In the meantime, since I disagree with the majority's holding that petit larceny and shoplifting are not crimes *24 involving dishonesty or false statement within the meaning of the present ER 609, I dissent.
NOTES
[1] RCW 10.52.030. "Convict as witness. Every person convicted of a crime shall be a competent witness in any civil or criminal proceeding, but his conviction may be proved for the purpose of affecting the weight of his testimony, either by the record thereof, or a copy of such record duly authenticated by the legal custodian thereof, or by other competent evidence, or by his cross-examination, upon which he shall answer any proper question relevant to that inquiry, and the party cross-examining shall not be concluded by his answer thereto."
[2] We note that petitioner apparently does not dispute that a conviction for giving false information to a police officer under RCW 9A.76.020 is a crime involving dishonesty or false statement under ER 609(a)(2). In his petition for review, however, petitioner notes that he was never actually convicted of the crime as the case was dismissed prior to conviction. If, in fact, petitioner was never convicted, then clearly this misdemeanor charge is inadmissible for impeachment purposes under ER 609(a)(2). If, however, petitioner was actually convicted, then as a crime which involves "false statement" in the form of lying, the prior conviction would be admissible under ER 609(a)(2).
[3] We note a different panel of the Court of Appeals, Division One, recently held that despite their holding in State v. Zibell, 32 Wash. App. 158, 164, 646 P.2d 154 (1982), robbery is a crime of "dishonesty" within the meaning of ER 609(a)(2). State v. Turner, 35 Wash. App. 192, 665 P.2d 923 (1983). To support its holding, the Court of Appeals cites several state court decisions which have found crimes of theft admissible as crimes involving "dishonesty". We note, however, that of these states, Alaska, Kansas and Illinois have adopted versions of rule 609(a) that differ significantly from Fed. R. Evid. 609(a). We further note that the only federal authority cited, United States v. Bianco, 419 F. Supp. 507 (E.D. Pa. 1976), aff'd, 547 F.2d 1164 (3d Cir.1977), relied solely on cases decided prior to the adoption of the federal Rules of Evidence. The overwhelming weight of federal authority as set forth in our opinion clearly supports a narrow definition of the term "dishonesty" as used in Fed. R. Evid. 609(a)(2) and the identical language of ER 609(a)(2). Thus, we must conclude that Zibell is the better view.
[4] See former RCW 9.54.090 (repealed 1976).
[5] See former RCW 9.78.010 (repealed 1976).
[6] "Hobson's choice" is defined as the necessity of accepting one of two or more equally objectionable things. The term originated as a reference to the practice of Thomas Hobson, a 17th century English liveryman, of requiring every customer to take the horse which stood nearest the door. Webster's Third New International Dictionary 1076 (1976).

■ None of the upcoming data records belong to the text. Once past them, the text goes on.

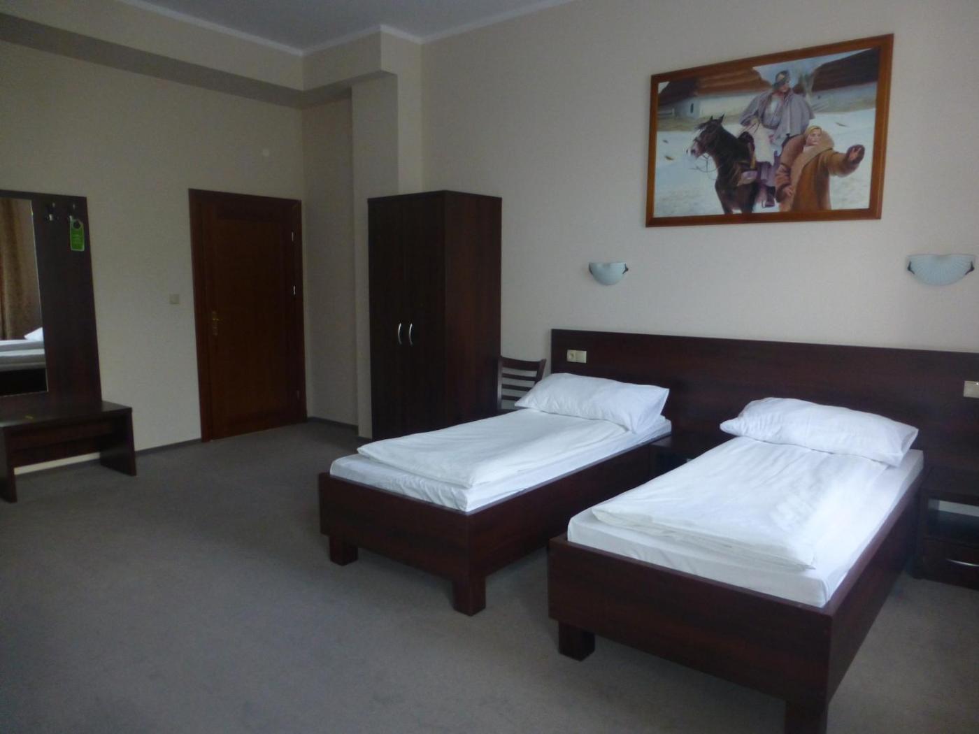 Pokój z 2 łóżkami pojedynczymi. Jest to prosto urządzony pokój z telewizorem oraz łazienką z prysznicem. Pokój z 2 łóżkami pojedynczymi - 2 osobowy. Powierzchnia pokoju ok.: 15 mkw. ;
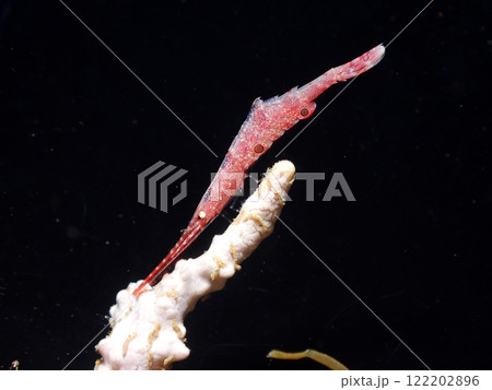 赤紫の棘のウニに住む鮮やかな小さいエビ|水中写真
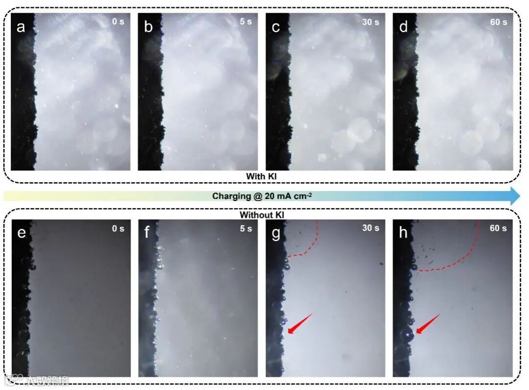 图2. 显微镜原位观察Pt/C电极表面的氧气泡生成情况
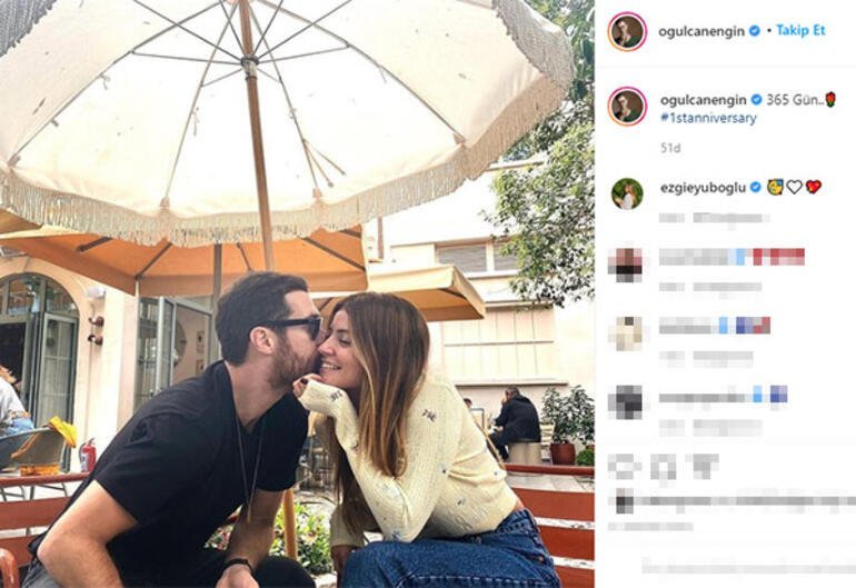Oğulcan Engin, sevgilisini öperken çekilen karesine, ‘yıl dönümü’ etiketi ile birlikte “365 gün” notunu düştü. Kendisi gibi oyuncu olan Kaan Yıldırım’la üç yıllık evliliğini 2019’da sonlandıran Ezgi Eyüboğlu, aynı fotoğrafı, “Bir yıl” notuyla sosyal medya hesabından takipçileriyle paylaştı.
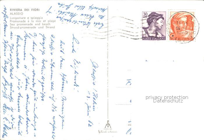 old postcard ALAssIO Savona Liguria IT Strandpromenade postalisch gelaufen Erhaltung siehe scans
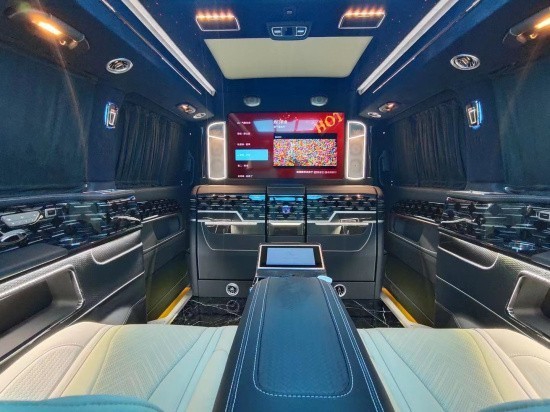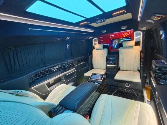 奔驰V(配置|询价)260L高顶四座内饰豪华升级版店内现车。上海圣辉汽车推出多款奔驰V260 (配置|询价)改装升级版车型供大家选择。2022款奔驰V260L高顶系福建奔驰授权改装,有四座跟七座之分,一般四座版设计为隔断风格,七座为通舱设计。22款奔驰V260L我店大量现车,进店购车送保险,今天给大家介绍一台四座版。
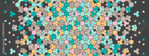© alstanova@gmail.com, Fototapeta premium Arabic pattern, islamic vector border. Geometric halftone texture, arabic pattern with color tile disintegration.
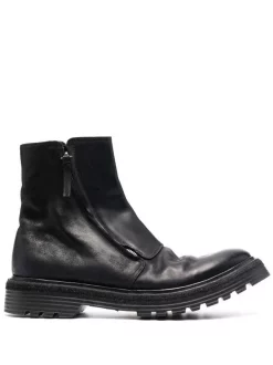 Silberfarbene Beschläge, Reißverschluss an der Seite, runde Kappe, niedriger Absatz.
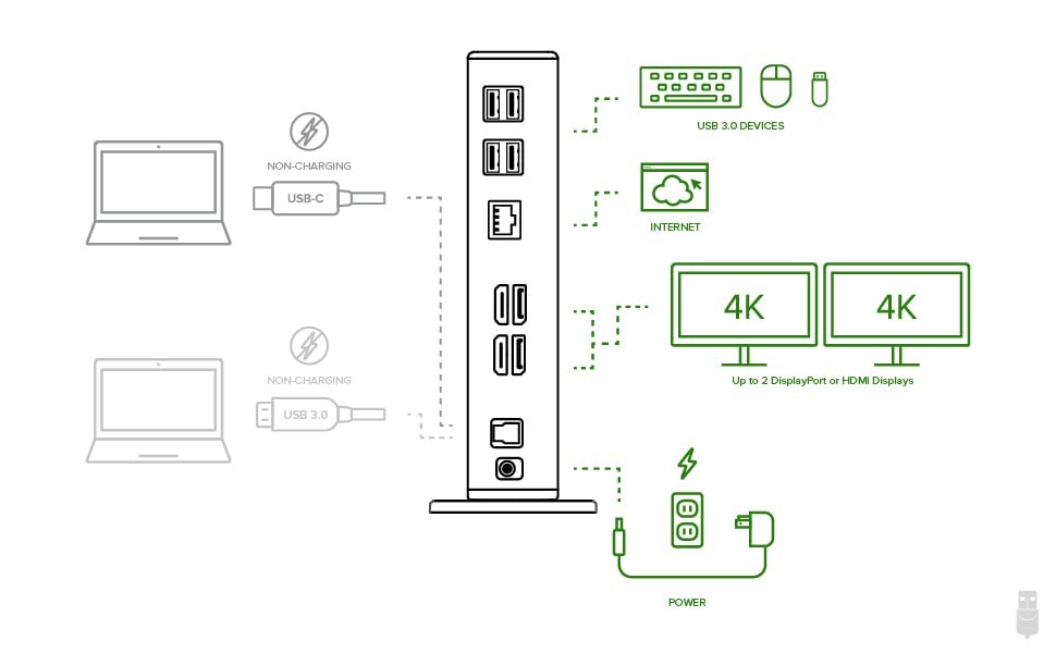 Featuring DisplayLink graphics technology, you can connect this dock to a USB 3.0 or USB-C laptop. So whether you're hoteling at a desk for work, or sharing your dock at home, this dock provides the flexibility you need.

[7] Weinstein states that all state jurisdictions had abolished use of a felony conviction to disqualify by 1953; however, in a few jurisdictions conviction of perjury may still render a witness incompetent to testify, at least in a civil case. 3 J. Weinstein & M. Berger, Evidence ¶ 601[03], at 601-19 (1982).
[8] Montana's ban on the use of prior convictions to impeach is not as absolute as it appears, however. In State v. Austad, 197 Mont. 70, 641 P.2d 1373, 1384 (1982), the Montana Supreme Court held that where a criminal defendant testified he had never committed burglary, rule 609 did not prevent the State from introducing his prior conviction for burglary to impeach. Austad thus brings the Montana rule into line with the Kansas, Hawaii and Georgia rules, all of which permit impeachment by prior conviction where the defendant introduces evidence to support his credibility.